20:02, water fountain, NMT, Socorro
Today was the first day of TA lectures. My fellow course 8 major-course 24 enthusiast gave a talk introducing some problems in philosophy. While I had heard these before (utilitarianism vs. deontology; the meaning of truth; metaphysical basics; etc.), they were presented in such a clear manner that I wish I’d taken notes or recorded the thing.
One surprising result: he went on to speak about decision theory and came to Newcomb’s problem.
In short, there is a predictor, a player, and two boxes. One box is clear and contains a visible $1,000. The other box may contain either $0 or $1,000,000. In particular, if the predictor predicts the player will take both boxes, it contains nothing. However, if the predictor predicts the player will take only one, it contains $1,000,000. The contents of the box will not change when the player enters the room with the boxes, though the predictor is very, very good.
For most people, what they would do feels pretty obvious. But these people may also have different intuitions.
I remember being confronted with this problem just about five years ago by W. at my own SSP. I remember thinking it beyond obvious to take both boxes – after all, when you walk into the room, it’s not like causality happens backwards. There was no world in which it could be better to take the single box. So when the speaker mentioned “Newcomb”, I groaned internally. (I didn’t remember the formulation of the problem, but I did remember the feeling of confusion and frustration that someone smart could believe the opposite.)
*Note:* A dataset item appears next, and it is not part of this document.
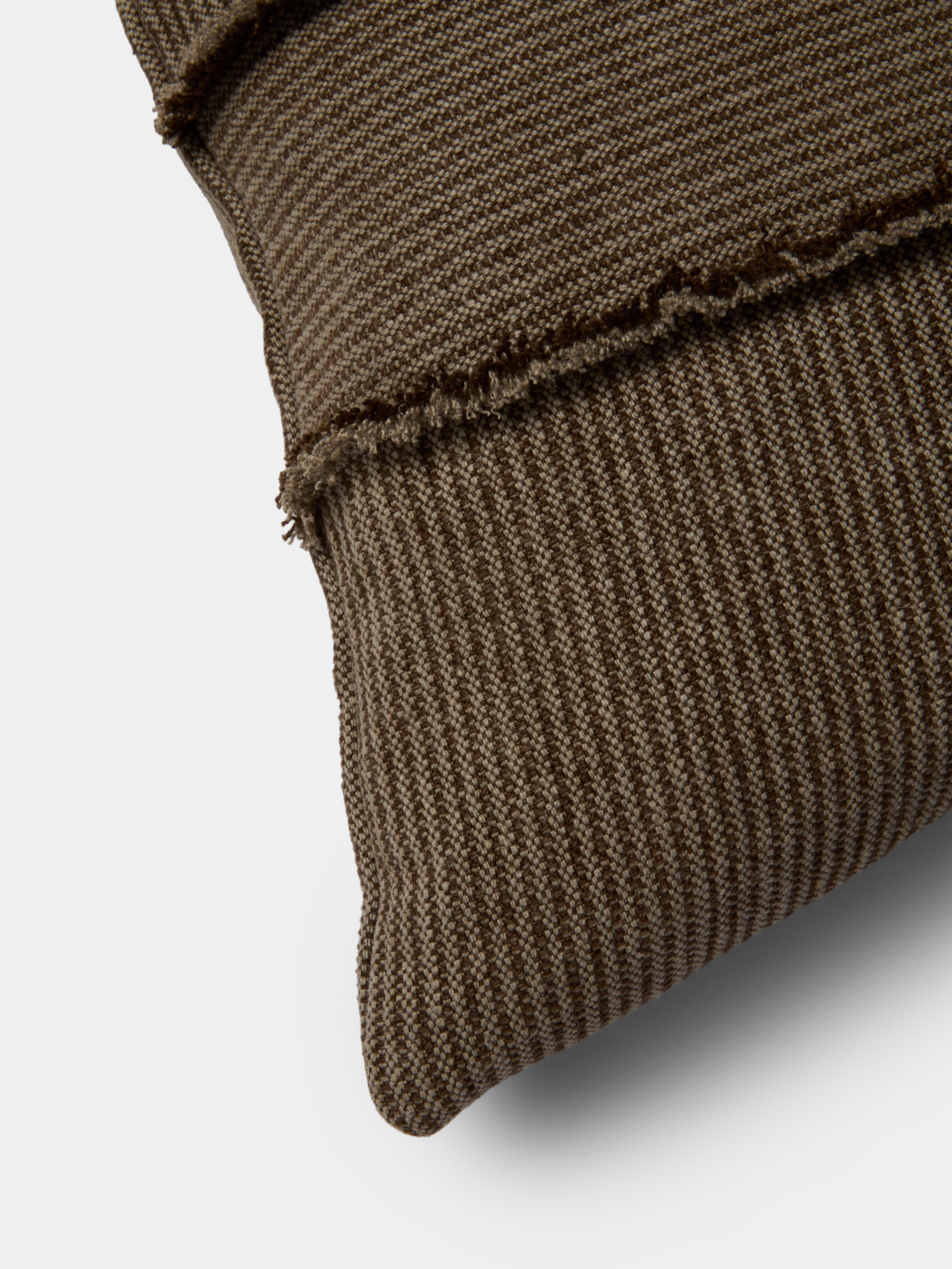 The Salopette cushion by de La Cuona brings a refined edge through its workwear-inspired pinstripe linen. Handmade and stonewashed, it features a paneled design that plays with fabric orientation to create subtle depth and dimension. A fine frayed fringe reveals the natural warp and weft.

Yet today, I was surprised. The speaker included a sentence about being shown a list of people with whom the predictor had played this game previously – tens of millions, and not one mistake (i.e. all one-boxers left with $1,000,000; all two-boxers left with $1,000). And suddenly it was abundantly clear to me to one-box!
In the span of five years, I have gone from a “causalist” to “evidentialist” – that is, allowing myself to update in the face of evidence over that which I “knew” to be true – that predictors can’t change the contents of the box by the laws of physics as I knew them. (And I don’t think this change is a coincidence – it seems likely to be a direct effect of a way of thinking “rationality” has cultivated in me over these last few years.) I liken it to how 2+2 could equal 3 – if I see this implausible result but the evidence is strong enough to practically imply I’ll end up with the million by one-boxing, I should one-box. Even if I don’t understand how the predictor could be that good.
I’m not sure if 5-years-ago me misunderstood this premise (couldn’t conceptualize a very very good predictor) or what. Unfortunately, I can’t recapture a past worldview.
Some argue that the “correct” strategy is to be a one-boxer thoroughly, but change your mind once you walk into the room. But then it becomes a different problem: can one one have a reason to intend to do something without having a reason to actually do it? (This is similar to Kavka’s toxin problem – for what it’s worth, I think not really. There’s not enough reason for me not to just thoroughly one-box and throw in confusion for the predictor.)
The one-boxers this year were a mix of the people I somewhat admired for their reflectiveness and religious people who were fine operating on faith. The majority (~60% of people) here were two-boxers.